# what happened to nearmap



## imtheman (Aug 24, 2012)

hey fellas anybody no what's happened to nearmap ? I cant seem to access it - I used nearmap alot for finding new spots an such especially vacant lots or somewhere easy to put in- the best thing about it though was it was always up to date the picture quality awesome- google earth is okay but the pictures are nearly 5 years old is there any other decent ones out there? 
cheers


----------



## imtheman (Aug 24, 2012)

ill check it out cheers mate


----------



## Junglefisher (Jun 2, 2008)

leftieant said:


> Interesting, looks like they have moved to a subscription-only model.
> 
> Have a look at Bing Maps (can use slightly different imagery).


Thanks for that.
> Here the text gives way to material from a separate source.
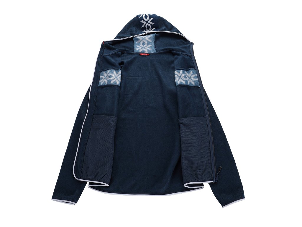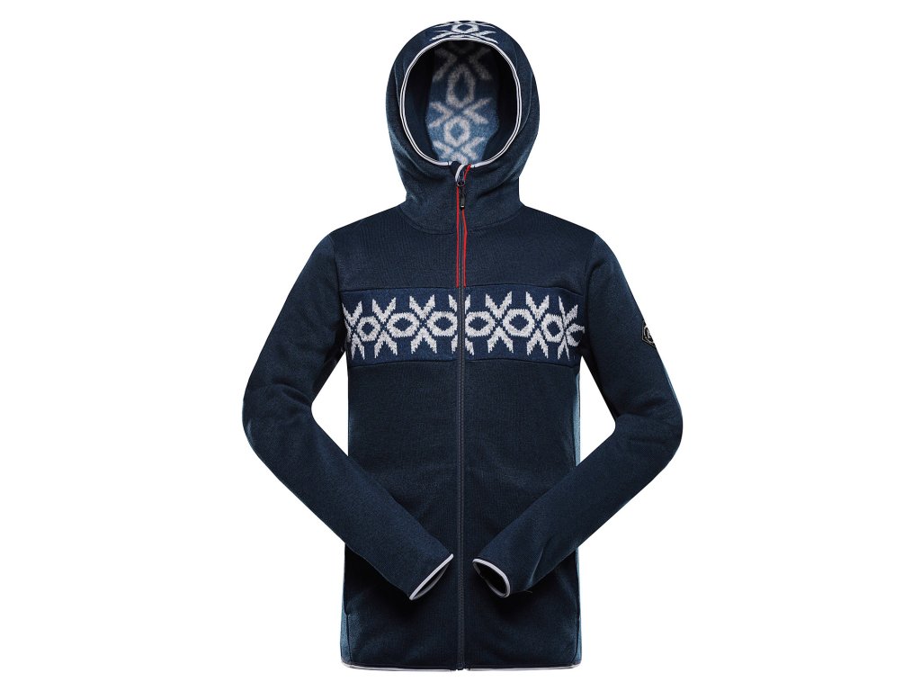 Pánský hřejivý svetr NORES je vyroben z kvalitního materiálu, který je hřejivý, strukturovaný, vyplétaný a melírovaný s potištěným vzorem, který zaujme na první pohled. Polopřiléhavý střih zajišťuje pohodlné nošení, zatímco kapuce lemovaná gumou a krytka u brady poskytují ochranu proti větru a chladu. Rukávy a spodní část svetru jsou zakončeny gumovým lemem pro lepší přizpůsobení a komfort. Svetr má dvě praktické kapsy a nášivku na rukávu, delší taháčky u zipů usnadňují manipulaci. Stylový design kombinuje atraktivní vzor s funkčností, takže svetr NORES zahřeje a zároveň zaujme při každodenním nošení i venkovních aktivitách.

Bing maps actually has a good image of our place, unlike google maps, near map or any of the others.


----------



## Dodge (Oct 12, 2005)

Sent an enquiry to nearmap about the subscription on Friday, if I get a reply, will post it into this thread.


----------



## imtheman (Aug 24, 2012)

mingle said:


> Oh yeah, you can still access the free maps (at the moment) via their iphone page:
> 
> http://www.nearmap.com/iphone/
> 
> ...


thanx mate that works for now- love nearmap it shows up all the rockwalls an rocks clear as day

dodge hopefully they reply mate if its around the 10-20 dollar mark a year I will suscribe but any higher doubt it


----------



## mangajack (Jul 23, 2007)

$49 for 6 months.....you nominate the area you are interested in plus state.
Personal accounts are no longer valid or supported, small commercial enterprise licence is the cheapest available.
They are primarily targetting businesses that need up to date imaging or updating one location on a regular basis....


----------



## imtheman (Aug 24, 2012)

wtf that ridicolous lol let's bombard nearmap with emails


----------



## swede (Dec 24, 2008)

I did use nearmaps but now there is a large cost, and I think it is only available to a business. Talking to a mate that works for a solar installation company and he said they subscribe so they can suss out the property before they come out to give a quote. My property in rural Gippsland ( surrounded by trees and bush) does not show up on google maps very blury, but I got my mate to look it up on nearmaps it is very clear and full of detail. Now it has become more popular they are starting to cash in, and stuff the small blokes.
Hope all out in yakland and there families have a wonderful and relaxing Christmas and a safe New Year. 
Good fishing.
Regards 
swede


----------



## Junglefisher (Jun 2, 2008)

swede said:


> I did use nearmaps but now there is a large cost, and I think it is only available to a business. Talking to a mate that works for a solar installation company and he said they subscribe so they can suss out the property before they come out to give a quote. My property in rural Gippsland ( surrounded by trees and bush) does not show up on google maps very blury, but I got my mate to look it up on nearmaps it is very clear and full of detail. Now it has become more popular they are starting to cash in, and stuff the small blokes.
> Hope all out in yakland and there families have a wonderful and relaxing Christmas and a safe New Year.
> Good fishing.
> Regards
> swede


Give the bing maps a go.
Worked for me.


----------



## andybear (Jan 15, 2006)

Ho Hum!

At least Near maps was/were good while they lasted. I guess they have to make a quid somehow

Cheers all andybear


----------